▶ **WORK ITEM**
Look below for the line with "First floor: Entrance" and the line with "段違いに低めに作った長い花壇は、菜園スペースとして活躍しています。"; repeat exactly those two lines and all lines between them, but no pictures.

▶ **RAW DATA**
------------------------------

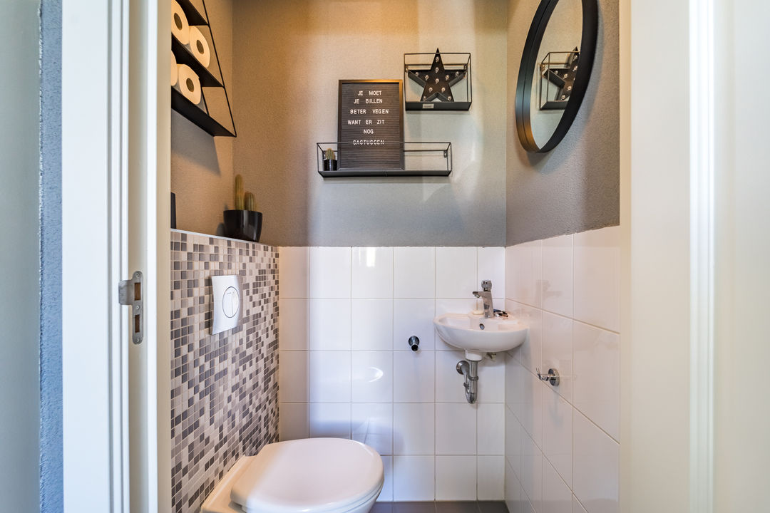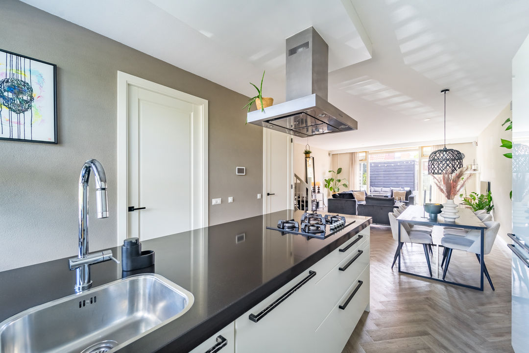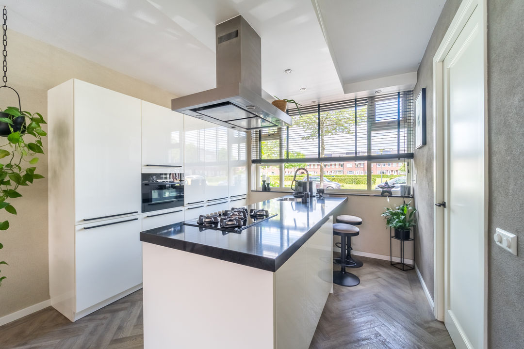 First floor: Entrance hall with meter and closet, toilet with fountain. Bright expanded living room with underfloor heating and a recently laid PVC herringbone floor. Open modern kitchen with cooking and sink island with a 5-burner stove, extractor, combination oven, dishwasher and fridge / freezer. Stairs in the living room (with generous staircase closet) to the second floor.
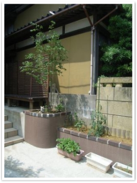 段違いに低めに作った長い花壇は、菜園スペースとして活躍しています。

------------------------------

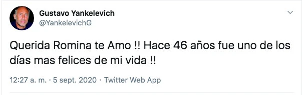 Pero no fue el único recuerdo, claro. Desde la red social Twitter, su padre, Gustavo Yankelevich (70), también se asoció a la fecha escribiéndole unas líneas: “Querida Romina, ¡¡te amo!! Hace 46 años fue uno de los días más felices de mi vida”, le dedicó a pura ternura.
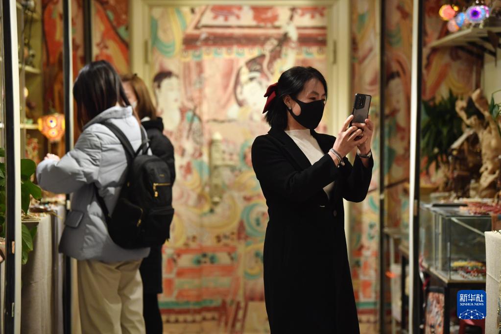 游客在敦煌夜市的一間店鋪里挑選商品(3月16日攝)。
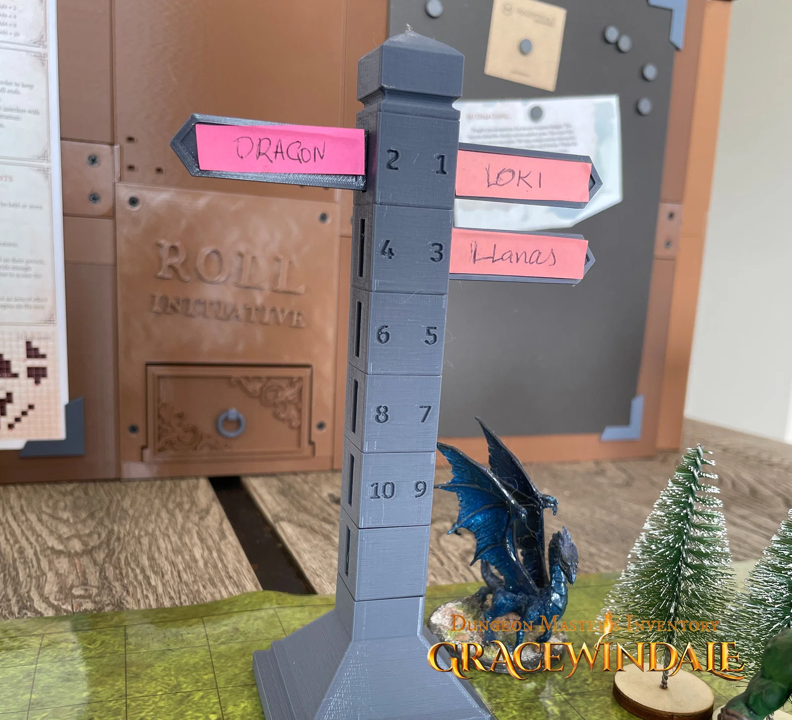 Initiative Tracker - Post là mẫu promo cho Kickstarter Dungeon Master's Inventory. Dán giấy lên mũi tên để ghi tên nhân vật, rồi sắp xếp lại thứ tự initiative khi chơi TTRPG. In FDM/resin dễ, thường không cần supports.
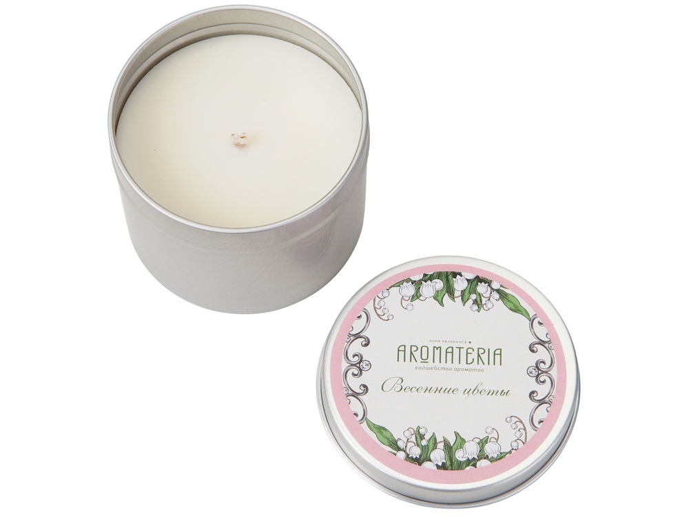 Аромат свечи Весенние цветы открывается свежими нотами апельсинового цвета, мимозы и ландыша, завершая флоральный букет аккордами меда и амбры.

------------------------------

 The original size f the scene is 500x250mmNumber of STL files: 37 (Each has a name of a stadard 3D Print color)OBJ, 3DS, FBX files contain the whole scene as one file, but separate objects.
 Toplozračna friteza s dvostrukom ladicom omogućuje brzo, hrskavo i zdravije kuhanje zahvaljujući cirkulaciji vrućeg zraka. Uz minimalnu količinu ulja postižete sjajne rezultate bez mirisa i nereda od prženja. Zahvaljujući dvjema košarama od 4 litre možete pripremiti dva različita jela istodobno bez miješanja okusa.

------------------------------

▶ **EXPECTED OUTPUT**
 First floor: Entrance hall with meter and closet, toilet with fountain. Bright expanded living room with underfloor heating and a recently laid PVC herringbone floor. Open modern kitchen with cooking and sink island with a 5-burner stove, extractor, combination oven, dishwasher and fridge / freezer. Stairs in the living room (with generous staircase closet) to the second floor.
 段違いに低めに作った長い花壇は、菜園スペースとして活躍しています。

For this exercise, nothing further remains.